EXERCISE :: Your job is to give again, exactly and with no additions, the lines in the records below from the one with "Wirtualny port szeregowy" through the one with "INSPECTION PROCEDURE 2: The", both included. Omit the pictures.

INPUT MATERIAL ::

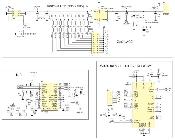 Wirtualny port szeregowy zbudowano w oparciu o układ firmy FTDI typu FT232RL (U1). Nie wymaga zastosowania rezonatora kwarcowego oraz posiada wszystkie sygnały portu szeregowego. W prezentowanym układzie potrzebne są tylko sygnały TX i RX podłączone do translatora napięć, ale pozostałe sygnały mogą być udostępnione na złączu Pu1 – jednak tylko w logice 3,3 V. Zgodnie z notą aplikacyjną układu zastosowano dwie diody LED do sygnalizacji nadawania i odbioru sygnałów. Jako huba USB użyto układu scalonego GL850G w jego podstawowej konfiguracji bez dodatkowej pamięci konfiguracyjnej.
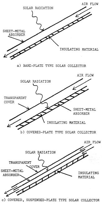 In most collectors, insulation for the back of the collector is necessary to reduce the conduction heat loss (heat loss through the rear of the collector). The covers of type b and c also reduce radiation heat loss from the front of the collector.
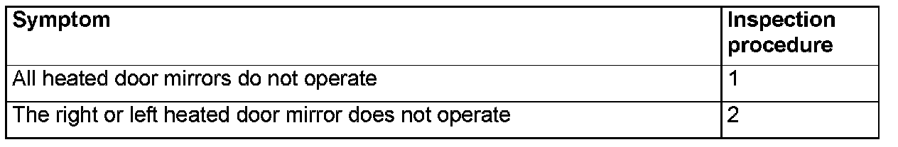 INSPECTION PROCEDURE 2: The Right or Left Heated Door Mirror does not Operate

...

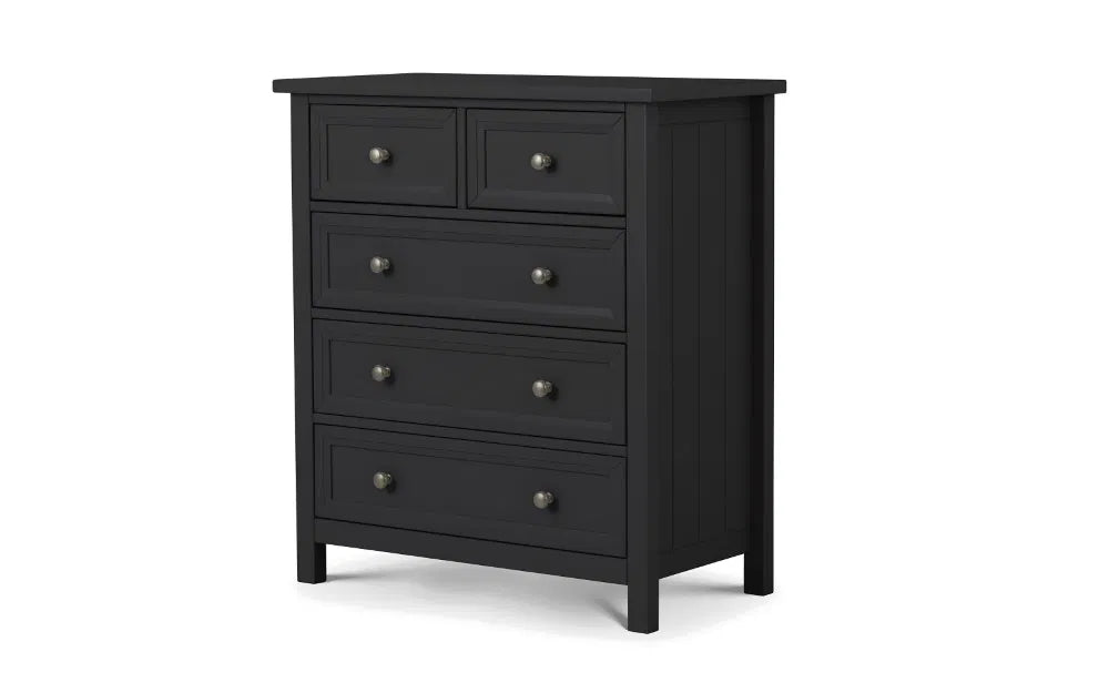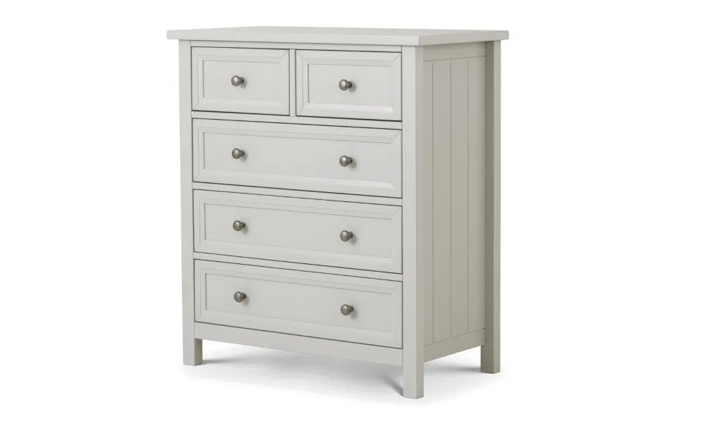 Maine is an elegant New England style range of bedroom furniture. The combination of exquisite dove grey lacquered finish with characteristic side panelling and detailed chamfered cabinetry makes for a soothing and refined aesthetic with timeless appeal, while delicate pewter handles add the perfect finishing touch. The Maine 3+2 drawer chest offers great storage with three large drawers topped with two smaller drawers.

--

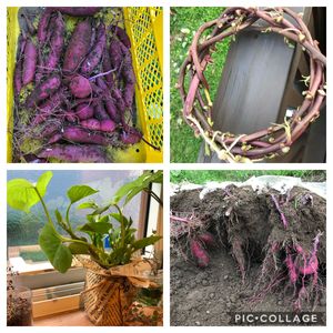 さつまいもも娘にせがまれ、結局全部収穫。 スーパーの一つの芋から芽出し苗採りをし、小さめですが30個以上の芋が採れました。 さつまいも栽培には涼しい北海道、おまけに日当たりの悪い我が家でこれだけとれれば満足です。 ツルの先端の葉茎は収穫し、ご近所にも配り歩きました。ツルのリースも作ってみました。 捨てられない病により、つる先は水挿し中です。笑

TASK RESPONSE ::
 Wirtualny port szeregowy zbudowano w oparciu o układ firmy FTDI typu FT232RL (U1). Nie wymaga zastosowania rezonatora kwarcowego oraz posiada wszystkie sygnały portu szeregowego. W prezentowanym układzie potrzebne są tylko sygnały TX i RX podłączone do translatora napięć, ale pozostałe sygnały mogą być udostępnione na złączu Pu1 – jednak tylko w logice 3,3 V. Zgodnie z notą aplikacyjną układu zastosowano dwie diody LED do sygnalizacji nadawania i odbioru sygnałów. Jako huba USB użyto układu scalonego GL850G w jego podstawowej konfiguracji bez dodatkowej pamięci konfiguracyjnej.
 In most collectors, insulation for the back of the collector is necessary to reduce the conduction heat loss (heat loss through the rear of the collector). The covers of type b and c also reduce radiation heat loss from the front of the collector.
 INSPECTION PROCEDURE 2: The Right or Left Heated Door Mirror does not Operate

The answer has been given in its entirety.